TRY IT
Nothing but the text should be carried over: reproduce all the data exactly and leave out every image.

DATA EXTRACT

↓

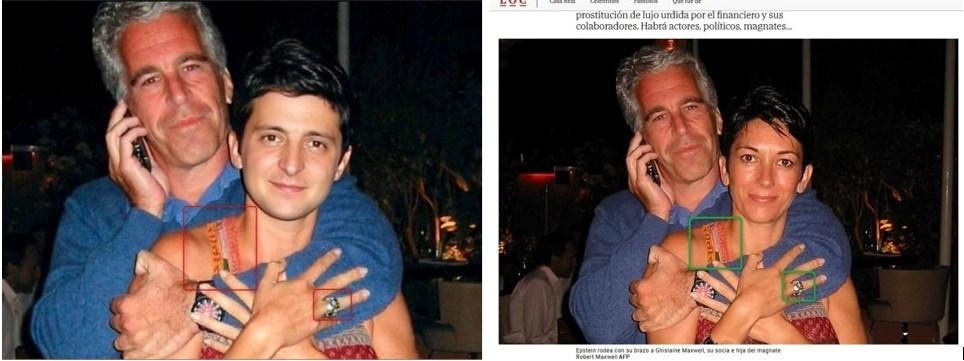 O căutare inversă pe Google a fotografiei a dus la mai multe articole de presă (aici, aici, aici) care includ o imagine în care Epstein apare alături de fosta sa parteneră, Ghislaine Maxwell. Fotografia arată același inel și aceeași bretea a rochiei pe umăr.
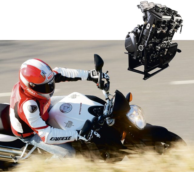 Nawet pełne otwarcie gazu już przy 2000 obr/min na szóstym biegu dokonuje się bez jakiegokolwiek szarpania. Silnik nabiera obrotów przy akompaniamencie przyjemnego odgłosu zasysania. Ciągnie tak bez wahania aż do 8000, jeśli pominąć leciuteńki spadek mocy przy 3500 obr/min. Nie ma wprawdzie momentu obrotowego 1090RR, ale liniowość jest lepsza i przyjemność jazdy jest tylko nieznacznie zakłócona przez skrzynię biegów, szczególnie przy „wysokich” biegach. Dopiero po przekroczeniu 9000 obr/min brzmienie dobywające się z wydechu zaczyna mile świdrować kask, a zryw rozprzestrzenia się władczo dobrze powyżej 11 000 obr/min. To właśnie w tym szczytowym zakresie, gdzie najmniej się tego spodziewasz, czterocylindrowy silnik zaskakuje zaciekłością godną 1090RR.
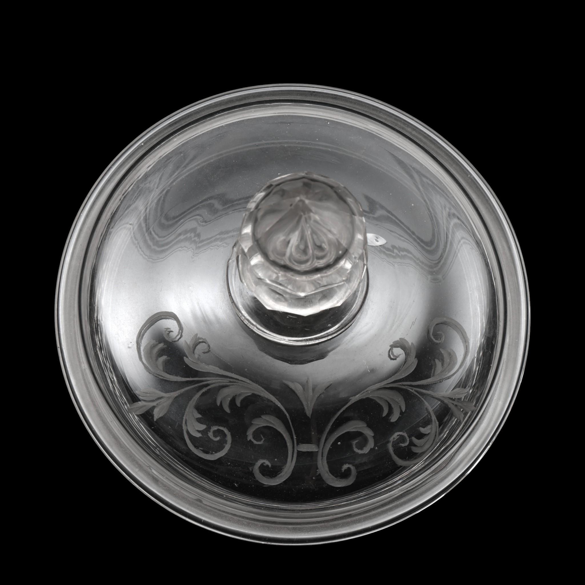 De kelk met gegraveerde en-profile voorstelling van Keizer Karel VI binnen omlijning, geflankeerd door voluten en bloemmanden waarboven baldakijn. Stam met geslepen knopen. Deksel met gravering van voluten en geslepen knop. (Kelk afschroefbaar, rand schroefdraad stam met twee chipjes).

↑

RESULT BELOW
 O căutare inversă pe Google a fotografiei a dus la mai multe articole de presă (aici, aici, aici) care includ o imagine în care Epstein apare alături de fosta sa parteneră, Ghislaine Maxwell. Fotografia arată același inel și aceeași bretea a rochiei pe umăr.
 Nawet pełne otwarcie gazu już przy 2000 obr/min na szóstym biegu dokonuje się bez jakiegokolwiek szarpania. Silnik nabiera obrotów przy akompaniamencie przyjemnego odgłosu zasysania. Ciągnie tak bez wahania aż do 8000, jeśli pominąć leciuteńki spadek mocy przy 3500 obr/min. Nie ma wprawdzie momentu obrotowego 1090RR, ale liniowość jest lepsza i przyjemność jazdy jest tylko nieznacznie zakłócona przez skrzynię biegów, szczególnie przy „wysokich” biegach. Dopiero po przekroczeniu 9000 obr/min brzmienie dobywające się z wydechu zaczyna mile świdrować kask, a zryw rozprzestrzenia się władczo dobrze powyżej 11 000 obr/min. To właśnie w tym szczytowym zakresie, gdzie najmniej się tego spodziewasz, czterocylindrowy silnik zaskakuje zaciekłością godną 1090RR.
 De kelk met gegraveerde en-profile voorstelling van Keizer Karel VI binnen omlijning, geflankeerd door voluten en bloemmanden waarboven baldakijn. Stam met geslepen knopen. Deksel met gravering van voluten en geslepen knop. (Kelk afschroefbaar, rand schroefdraad stam met twee chipjes).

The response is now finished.